Тут в его голове ни к селу ни к городу пронеслась формула угарного газа, совершенно нелепая в чужой темной избе.

Аня, пошатываясь, вышла в сени. Детей начало рвать. Митя зажег спичку и увидел, как они цепляются пальцами за мех овчины и трясут головками. Аня тут же пришла в себя. Она молча кинулась на крыльцо и принесла оттуда воды. Спичка погасла.

Митя нашел фонарик и высветил на полу круглое пятно. Аня поила детей и вытирала им лица мокрым полотенцем. Когда дети пришли в себя, Аня неожиданно заплакала и отступила в тень, словно провалилась.

– Господи… господи, – слышался из темного угла сеней ее голос. – Митенька, мы же могли все… Просто не проснуться. Я туда больше не пойду.

Митя пошел на крыльцо. Там он нашел топор, всаженный в бревенчатую стену, выдернул его и вышел наружу.

Луна успела удалиться с места преступления и поглядывала на Коржино сбоку. Вид у нее был мирный. Ветер еще носил одинокие капли воды, сорванные с веток. Митя отодвинул висевшую на одной петле калитку огорода и направился к окнам. Он по очереди отогнул толстые ржавые гвозди в переплетах рам и распахнул все три окна.

Он снова подошел к крыльцу, и вот тут, именно в этот момент, во втором часу ночи, первой ночи на своей названой родине, Митя услышал голоса.
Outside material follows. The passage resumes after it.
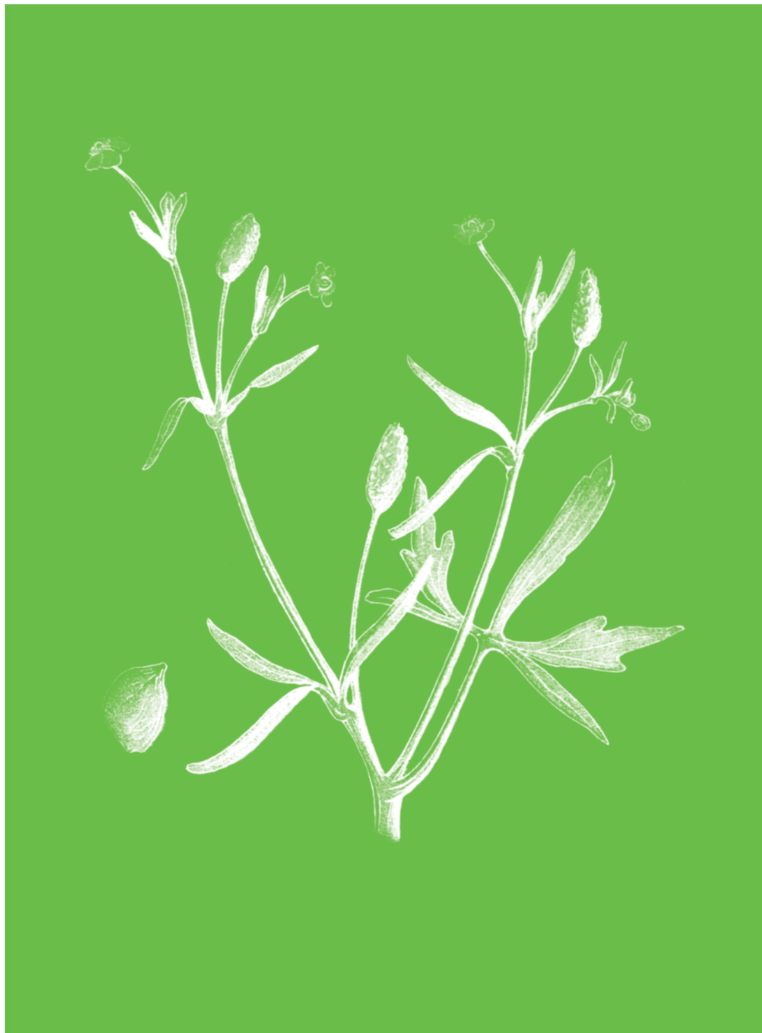
Renoncule scélérate Ranunculus sceleratus

On a dit que sa simple émanation amenait les larmes ; que ses qualités vénéneuses produisaient une contraction particulière des muscles de la face, que les anciens appelèrent rire sardonique . Nous avouons que nous n'avons jamais éprouvé les effets d'une plante qui ferait à la fois rire et pleurer.

Собственно, неизвестно, были ли это голоса, или, может быть, вода стекала по желобку с крыши, или крылья ночных птиц рассекали воздух, или ворочались в хлеву овцы. Но Мите почудился разговор, словно истекающий от звезд, обильно усыпавших небо. Он поднял голову и по привычке нашел Большую Медведицу. От нее исходил низкий, еле слышный и умиротворяющий голос, похожий на женский своими интонациями, а Полярная звезда вторила ей детским шепелявым голоском совсем неразборчиво, точно по междугородному телефону. Митя прислушался со всем вниманием, но слов нельзя было разобрать.

– Спи… – послышалось ему слово Большой Медведицы. – Спи…

Митя тряхнул головой. У него заболела шея, и глаза заслезились от долгого вглядывания в звезды. Он вернулся к семье, и они вновь устроились на ночлег.

Аня легла с Митей. Ее трясло, и Митя старался согреть ее, прижимая к себе. Наконец Аня уснула. Митя осторожно выскользнул из ее объятий и пошел на диван. Из окна тек холодный воздух. Митя вдохнул его всею грудью, лег рядом с Малышом и тоже заснул.

Утром они смеялись, вспоминая ночное происшествие, и попутно искали печную заслонку. По всей видимости, хозяин закрыл трубу, уходя на сеновал. Но спросить было не у кого. Анатолий Иванович ушел пасти ни свет ни заря, а Витька, оседлав мотороллер, куда-то умчался.

Заслонка не была найдена, а потом о ней забыли. Она возникла только под вечер, когда снова нужно было протапливать печь. Митя решил было идти напролом, сложил в печке дрова и с большими мучениями поджог их. В результате изба наполнилась дымом. Тогда-то и была предпринята последняя отчаянная попытка найти заслонку на чердаке. Но и она не увенчалась успехом.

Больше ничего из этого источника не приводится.